Le favole di Esopo per i bambini · Aesop · translated by AI translation (unreviewed)

Un'Allodola fece il nido in un campo di grano giovane. Con il passare dei giorni gli steli di grano crebbero alti e anche gli uccellini crebbero in forza. Poi un giorno, quando il grano maturo e dorato ondeggiava nella brezza, il Contadino e suo figlio vennero nel campo.

«Questo grano è pronto per la mietitura», disse il Contadino. «Dobbiamo chiamare i nostri vicini e i nostri amici perché ci aiutino a raccoglierlo.»

Le giovani Allodole nel nido lì accanto si spaventarono molto, perché sapevano che sarebbero state in grave pericolo se non avessero lasciato il nido prima dell'arrivo dei mietitori. Quando Mamma Allodola tornò con il cibo per loro, le raccontarono ciò che avevano udito.

«Non spaventatevi, figlioli», disse Mamma Allodola. «Se il Contadino ha detto che chiamerà i vicini e gli amici ad aiutarlo nel lavoro, questo grano non sarà mietuto ancora per un pezzo.»

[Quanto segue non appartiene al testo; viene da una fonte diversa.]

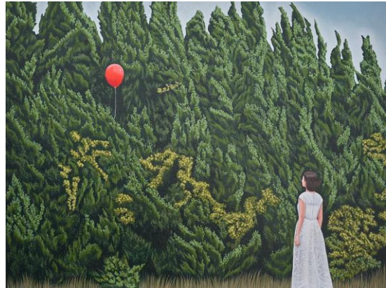
Nattan Kongmalikunkaew, Reflection of Memory : The Fracture between Reality and Imagination, 2026, huile sur toile, 60x80 cm
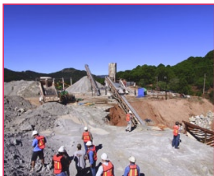
Produktionsbeginn Mexoro Oktober 2009
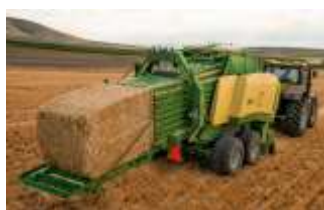
Рис. 3.2.6. Крупнопакующий пресс-подборщик

Из валков сено влажности 20–22 % подбирают и сразу же прессуют в тюки пресс-подборщиками с обвязкой тюков шпагатом (рис. 3.2.6).
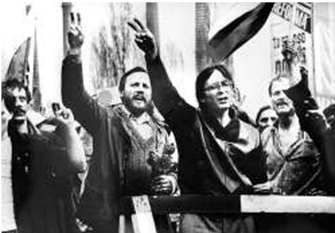
1 maja 1988 roku, pod bramą główną Huty im. Lenina

Solidarni, nasz jest ten dzień, A jutro jest nieznane, Lecz żyjmy tak, jak gdyby nasz był wiek; Pod wolny kraj spokojnie kładź fundament. /A jeśli ktoś nasz polski dom zapali, To każdy z nas gotowy musi być, Bo lepiej byśmy stojąc umierali, Niż mamy klęcząc na kolanach żyć. Solidarni, nasz jest ten dzień; Zjednoczmy się, bo jeden jest nasz cel ! /2x

Pochi giorni dopo il grano era così maturo che, quando il vento scuoteva gli steli, una grandine di chicchi cadeva frusciando sulle teste delle giovani Allodole.

«Se questo grano non viene raccolto subito», disse il Contadino, «perderemo metà del raccolto. Non possiamo più aspettare l'aiuto dei nostri amici. Domani dobbiamo metterci al lavoro noi stessi.»

Quando le giovani Allodole raccontarono alla madre ciò che avevano udito quel giorno, essa disse:

«Allora dobbiamo andarcene subito. Quando un uomo decide di fare il proprio lavoro da sé e di non dipendere da nessun altro, potete star certi che non ci saranno più rinvii.»

Quel pomeriggio ci fu un gran battere d'ali e un gran provare a volare, e all'alba del giorno dopo, quando il Contadino e suo figlio mietterono il grano, trovarono un nido vuoto.

Aiutarsi da sé è il miglior aiuto.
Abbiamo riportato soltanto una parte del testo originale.